Up to 17,000 people without power as 'weather bomb' hits Britain

Up to 17,000 people without power as 'weather bomb' hits Britain
A man watches as waves crash into a cliff at Portstewart in northern Ireland December 10, 2014. Up to 17,000 residents in the west of Scotland were left without power on Wednesday morning as a "weather bomb" of wet and windy conditions battered parts of Britain with gusts expected to reach up to 80 miles per hour (130 km/h).

LONDON - Up to 17,000 residents in the west of Scotland were left without power on Wednesday morning as a "weather bomb" of wet and windy conditions battered parts of Britain with gusts expected to reach up to 80 miles per hour (130 km/h).

Heavy rain and winds hit Scotland, Northern Ireland and northern England overnight with an amber wind warning - meaning there was a potential risk to life and property - in place across Scotland's western Isles and northern Shetland Islands.

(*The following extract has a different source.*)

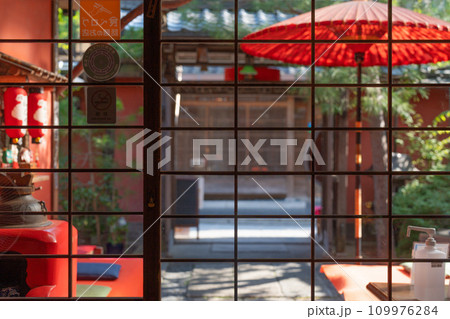Red parasol at restshop 赤い和傘のあるお休み処・甘味処(春の歌会・観桜会)

Britain's Met Office warned people to expect gales, storm force winds and large waves across several parts of northern and central Britain throughout the day. "The public should be prepared for dangerous conditions, especially along causeways and coastal roads exposed to the west," it said on its website.

Scottish Hydro Electric Power Distribution said its engineers were repairing the damage done in the Western Isles and are bringing two power stations on board with all customers expected to have electricity by lunchtime.

Britain has seen extreme weather conditions at this time of the year recently with tens of thousands of people across the country left without electricity on Christmas Day last year due to torrential rainfall and hurricane winds.

Weather bombs occur when storms quickly intensify and pressure drops rapidly.